Avocat d’expérience au sein de grands cabinets, Pierre Jauvin a trouvé un défi à sa mesure. Président d’Industries Cresswell, un fabricant de produits d’acier pour des clients internationaux, il pilote actuellement un projet de transformation numérique qui a notamment permis à cette filiale de Groupe Acier Nova de conserver ses contrats avec Volvo.

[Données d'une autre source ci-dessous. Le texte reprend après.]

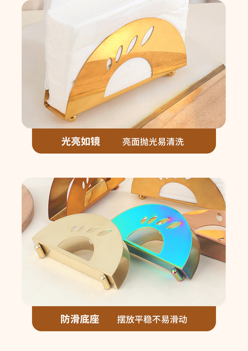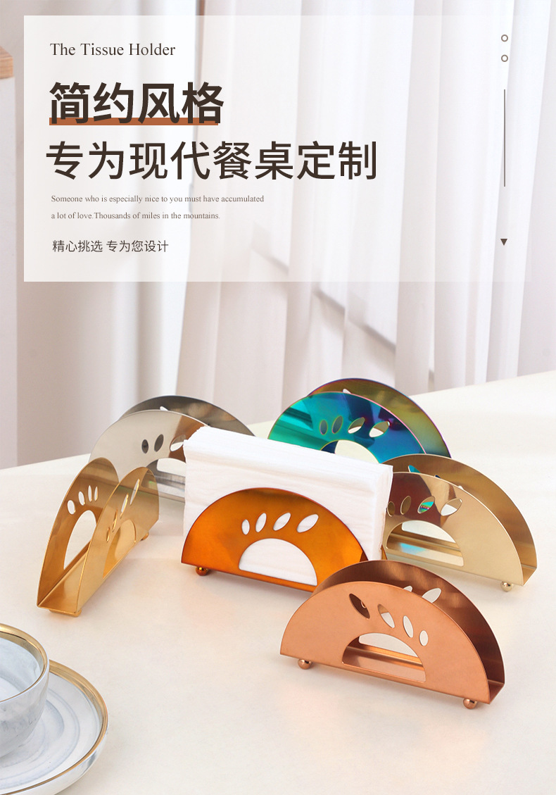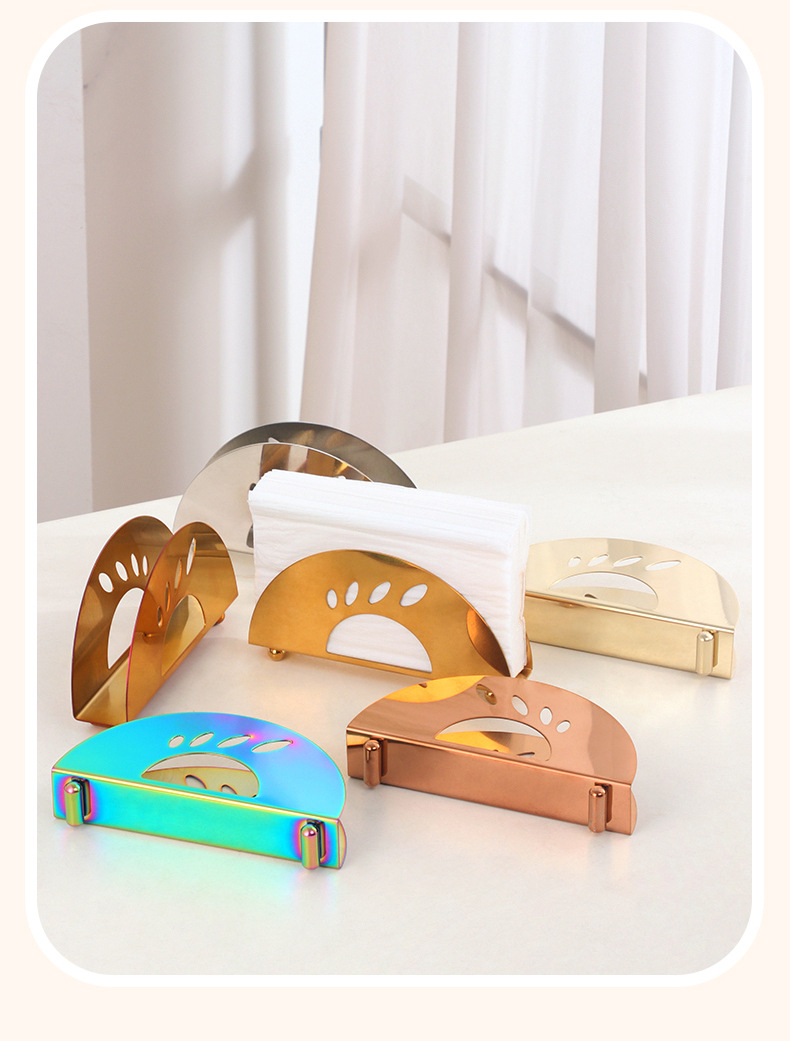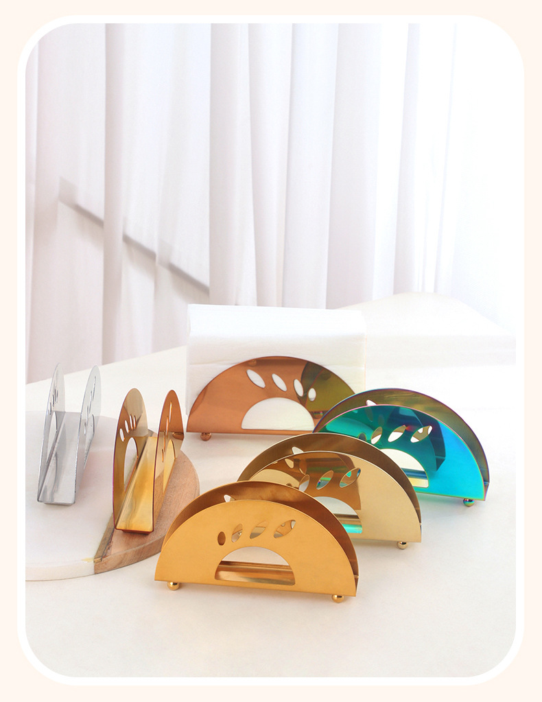 스테인레스 스틸 다공성 반원형 티슈 홀더 크리에이티브 호텔 레스토랑 카페 종이 클립 가정용 스퀘어 타월 보관 조직 홀더

À son arrivée chez Cresswell, en 2019, Pierre Jauvin a reçu le mandat de remettre de l’ordre dans l’entreprise et de la faire croître. Il a fait passer son chiffre d’affaires de 18 à 30 millions de dollars grâce à une réorganisation et à une meilleure formation des employés. Maintenant que le manufacturier investit 11 millions dans sa transformation numérique, son patron vise des revenus annuels de 45 millions. Pierre Jauvin explique les grandes lignes de ce virage 4.0 et prodigue au passage quelques judicieux conseils.

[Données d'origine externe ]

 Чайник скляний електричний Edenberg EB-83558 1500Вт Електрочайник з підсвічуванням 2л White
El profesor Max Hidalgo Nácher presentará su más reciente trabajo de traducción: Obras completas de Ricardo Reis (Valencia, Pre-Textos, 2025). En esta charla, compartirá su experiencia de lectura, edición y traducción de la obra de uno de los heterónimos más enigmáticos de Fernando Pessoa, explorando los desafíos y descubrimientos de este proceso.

Le projet que vous pilotez dans vos installations de Saint-Hubert prend quelle forme ?

Le projet de transformation implique de repenser la production dans son ensemble et le remplacement de la majorité des équipements importants, ainsi que le remplacement du système de gestion manufacturière automatisé (ERP). Nous avons notamment fait l’acquisition de trois nouvelles cellules robotisées de soudure et d’un nouveau centre d’usinage.

Quels conseils donneriez-vous à une organisation qui désire amorcer une transformation numérique ?

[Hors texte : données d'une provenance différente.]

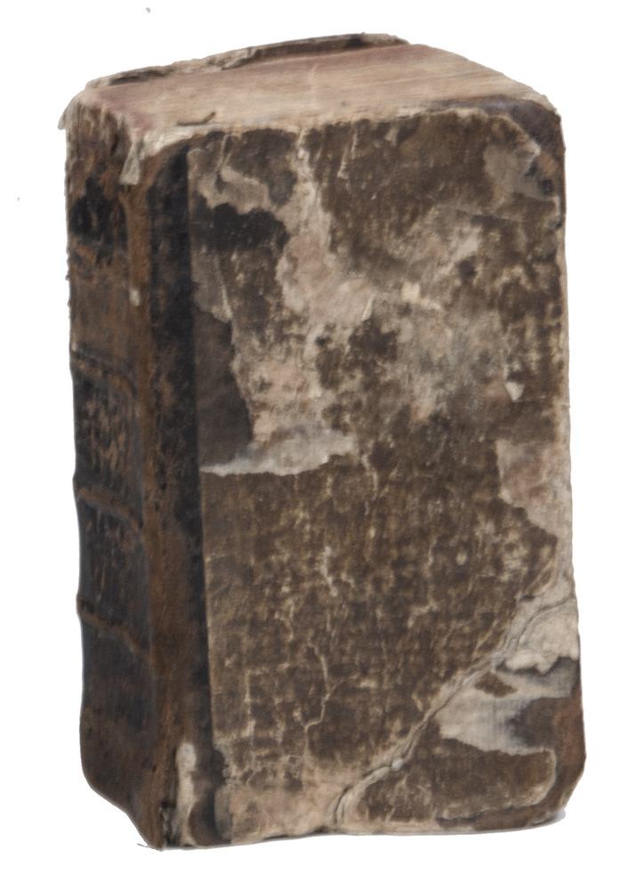 Leather worn, top of spine lacking, boards damaged with the right corner of the front board nearly cracked, hinges weak. Some small stains. Otherwise in good condition. Cf. Bodemann, 97.4 (first edition); not in Fabula docet.
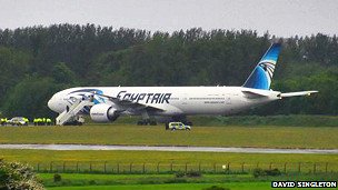 یک هواپیمای مسافربری مصری در مسیر قاهره - نیویورک پس از پیدا شدن یادداشتی مشکوک با تغییر مسیر در گلاسکو اسکاتلند فرود اضطراری کرد.

Entourez-vous bien et soyez ouvert d’esprit. Prenez le temps qu’il faut pour améliorer ce qui peut l’être avant vos décisions finales, car si on prend notre cas en exemple, la production aura presque doublé avec moins de personnel avant l’arrivée des nouveaux équipements. Évitez aussi d’automatiser des tâches qui n’ont pas réellement besoin de l’être (ou peuvent l’être à moindre coût). Vous pourrez ainsi mettre l’accent sur de nouvelles possibilités et de nouveaux produits. Discutez, impliquez vos clients. Toute cette collecte d’informations pourrait vous éviter bien des soucis et des regrets. Ajoutez les ressources requises. Ne négligez pas votre réalité actuelle, car il y aura des retards, des imprévus, mais il faudra continuer à livrer. Le projet final chez nous est bien différent des premières moutures. Ça fait partie de l’amélioration continue.

PHOTO ROBERT SKINNER, LA PRESSE

L’implantation du numérique n’est pas une étape à prendre à la légère.

Qui vous accompagne dans cette aventure ? Avez-vous reçu une aide extérieure ?

L’accompagnement est la clé. Une entreprise comme la nôtre, même en tenant compte du groupe dont nous faisons partie, ne possédait pas le niveau d’expertise en automatisation et en robotisation qui permettait de faire les meilleurs choix, de nous outiller pour mieux négocier ou d’optimiser l’implantation du numérique. L’apport de l’équipe du Centre de recherche industrielle du Québec (CRIQ) à toutes les étapes, y compris nos visites des fournisseurs potentiels en Europe lors des moments plus calmes de la pandémie, s’est révélé essentiel, tout comme le soutien continu du ministère de l’Économie et de l’Innovation et d’Investissement Québec.

Sentez-vous que cela fait une différence dans votre organisation ?

On sentait avant même l’arrivée des premières nouvelles pièces d’équipement un enthousiasme dans l’ensemble de l’entreprise après trop d’années sans investissement. La formation de nos opérateurs et de nos mécaniciens chez notre fournisseur en Allemagne a permis de poursuivre sur cette lancée. Les clients sont au rendez-vous avec de nouveaux projets. L’adhésion et les efforts soutenus de nos employés à tous les niveaux sont essentiels au succès. La communication continue est aussi essentielle pour éliminer les craintes naturelles face au changement.

La transformation numérique des organisations est-elle incontournable en 2022 ?

Mes 35 années de pratique auprès des entreprises et le lot de fermetures qu’elles m’ont fait connaître m’ont convaincu, il y a longtemps, que le Québec est loin derrière dans une transformation essentielle pour demeurer concurrentiel. Il ne faut pas se fier à une monnaie dépréciée pour compenser. Nos concurrents à nous, qu’ils soient en Scandinavie, en Turquie, au Mexique ou ailleurs, ont tous franchi ce pas.